# Uber driver app is needy



## Samename (Oct 31, 2014)

I have the driver app on my iphone and I notice it's a lot more needy than Lyft. If i dont open it for 5 minutes or so it asks me if it should go offline? It seems to just go offline sometimes regardless. It seems to need updated regularly. It runs a flashing red "my app is open" indicator at top of screen. The nav sucks and cant go landscape/horizontal view. And why is the guy talking British? Is that supposed to make it seem fancy? 

Whoops maybe this is a complaint.


----------



## Drivingmecrazy (Oct 21, 2014)

Yes it is stupid that it won't run in the background without attention. Many time the navigation is not the most efficient either it would be nice if the would allow you to auto forward the address info into navigation app like Waze or Google maps.


----------



## Samename (Oct 31, 2014)

Its drivingmecrazy!!


----------



## BlueRooftop (Oct 15, 2014)

ST (street) is read as "saint" by the uber navigator. While DR (drive) is read as "doctor" by uber navigator. Lol


----------



## MEB (Oct 19, 2014)

The IPhone I'm using says D.R. for dr. Torn left on Charles D R


----------



## DjTim (Oct 18, 2014)

Yep - I noticed this right away. If you don't keep the screen on the Uber app, it *****es. I installed it on a spare phone that I tether off my cell phone (WiFi). I also changed my number to a Google Voice number, so it's all integrated on that device. In the end I have 1 phone tied to Lyft and one device tied to Uber.

I have T-Mobile, so it's free tethering, or hotspot whatever you want to call it. Verizon and AT&T charge separately for that function - not sure about Sprint if anyone is interested in doing this.


----------



## MEB (Oct 19, 2014)

I tether with my N5 on sprint to a galaxy tab 4 on my dash. I don't pay extra because sprint doesn't care and you can just tether and they won't say anything. I'm still using the Uber phone because they haven't started charging for its use yet here. When they start charging to use their phone I'll switch to full time on the tab.


----------



## DjTim (Oct 18, 2014)

MEB said:


> I tether with my N5 on sprint to a galaxy tab 4 on my dash. I don't pay extra because sprint doesn't care and you can just tether and they won't say anything. I'm still using the Uber phone because they haven't started charging for its use yet here. When they start charging to use their phone I'll switch to full time on the tab.
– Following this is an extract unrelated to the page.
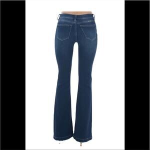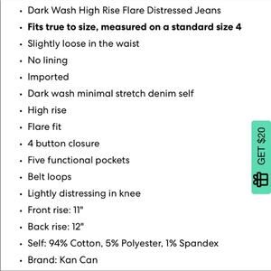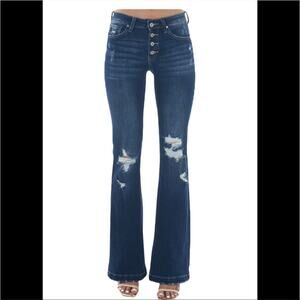 KanCan Dark Wash High Rise Button Front Ripped Knee Flare Leg Jeans Petite

My cell phone is the HTC M8 - perfect size screen. My spare phone is the Galaxy Note 3 - phablet. I have them both linked to my headset Plantronics Legend. Whats awesome about the headset is that everything goes to your ear. Either phone won't make a sound on the speaker. I also have a Moto360 watch, which is nice for turn by turn and text messaging.

Before anyone says something - I'm a tech geek. My primary trade is IT consulting and I had all these devices before driving, and none were purchased to do driving. If you have some spare cash, everything I have listed can be found used on e-bay and Amazon. I have everything setup voice activated or 1 button push. Even with Google maps, I rarely have to look at the screen.


----------